Shropshire Star

Album review: The Travelling Band - Sails

They have been going for around a decade, so Mancunians The Travelling Band (TTB) have had time to hone their sound.

Published
The cover for The Travelling Band's Sails

Carrying a dusky aura like a sunset over a darkened desert plain, their lighter approach is solid to a point, but ultimately leaves you wanting more.

Ben Nichols is the perfect example. The country star's hit The Last Pale Light In The West was immortalised by the Walking Dead when they used it as The Governor's Theme. He has the ability to write great songs like this, but after a time of listening to his music you want something else.

TTB suffer the same fate. A lot of this, their sixth record since 2008 debut Under The Pavement, passes you by without much registering.
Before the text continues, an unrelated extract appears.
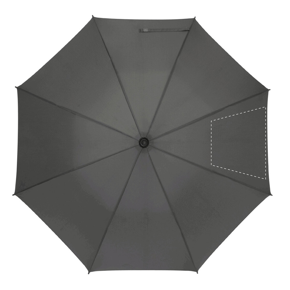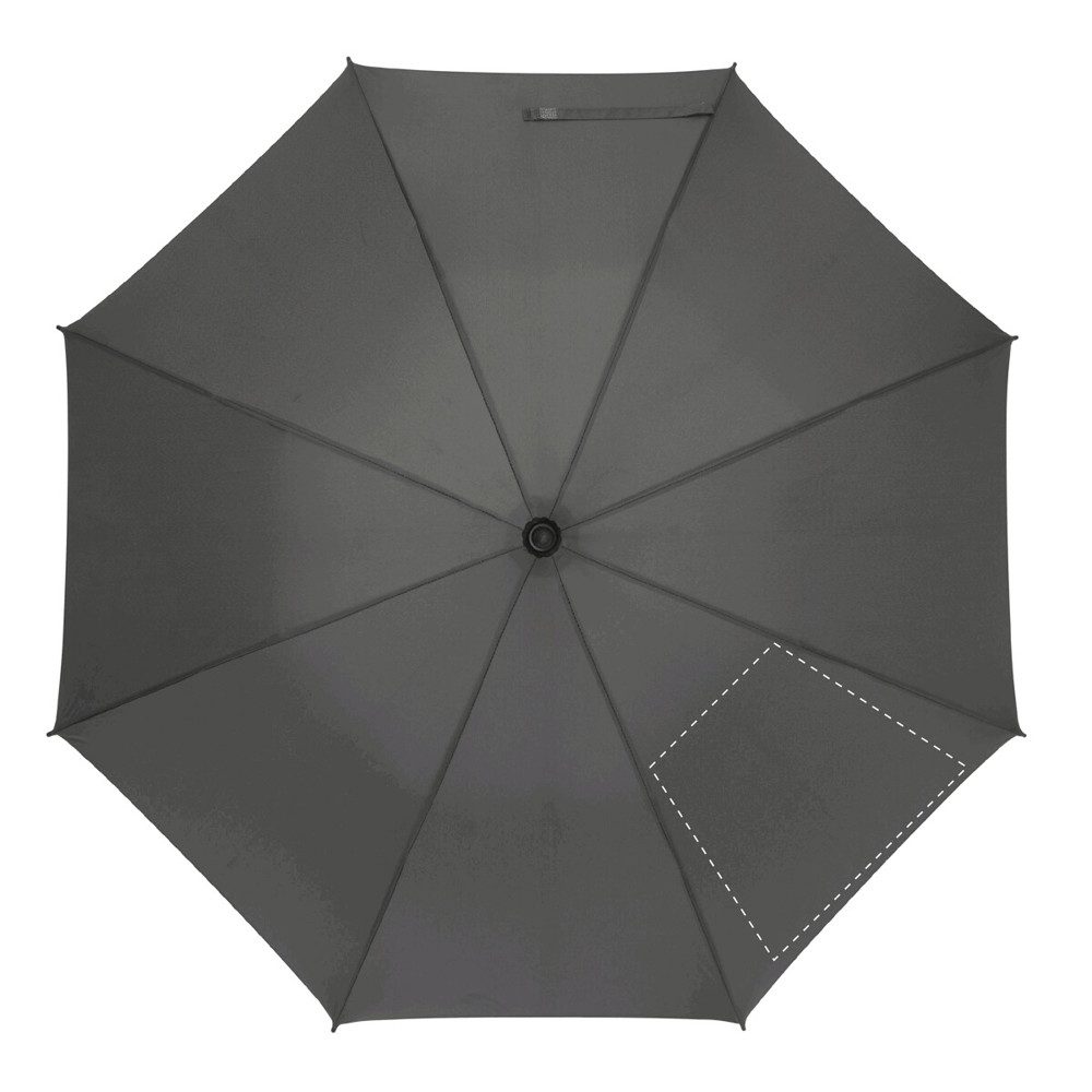Vollautomatischer (öffnen/schließen), windproof Taschenschirm mit 8 Segmenten und silberner Einfassung. Mit Metallgestell, Fiberglasstreben, gummiertem Griff mit Handschlaufe und Schutzhülle. Material: 190T RPET Pongee. In Hartschalenhülle mit Reißverschluss. Marke: André Philippe. Mit RPET-Label

It's lighter, fluffier folk/rock/pop. Like The Feeling, but without some of the catchy hooks that made immediate hits out of songs like Fill My Little World.

They build big sounds based on guitars, percussion and horn section. But the lighter approach sometimes leaves it feeling hollow.

The rockier moments like Wasted Eyes try and breathe life into proceedings but the result still feels light and cheesy when compared to contemporary artists. Maybe trying too hard to find gravitas.

The album briefly wakes up in the middle with the fun romper stomper Unlike You. Deeper and darker in nature, the harmonies of the chorus coupled with squeaking guitar is like a cross between Mumford & Sons and Coldplay.

There's also the quietly ominous brief instrumental Out Of The Water that builds a tense feeling of foreboding in the same manner the soundtrack to Christopher Nolan's war epic Dunkirk did.

But we are soon back to normality. There are too many tracks where the pace makes it feel like a drag. The lengths of Into The Water and Mopping Forwards - the latter with its country vibe - should be much shorter. The record would feel less of a drag if they were.

This is Sunday accompaniment music at its finest. Something to clean along to. You won't want to let it accompany the more exciting parts of your life. It wouldn't keep up.

Rating: 5/10

The Travelling Band stop off at Birmingham's Hare & Hounds in Kings Heath on November 23.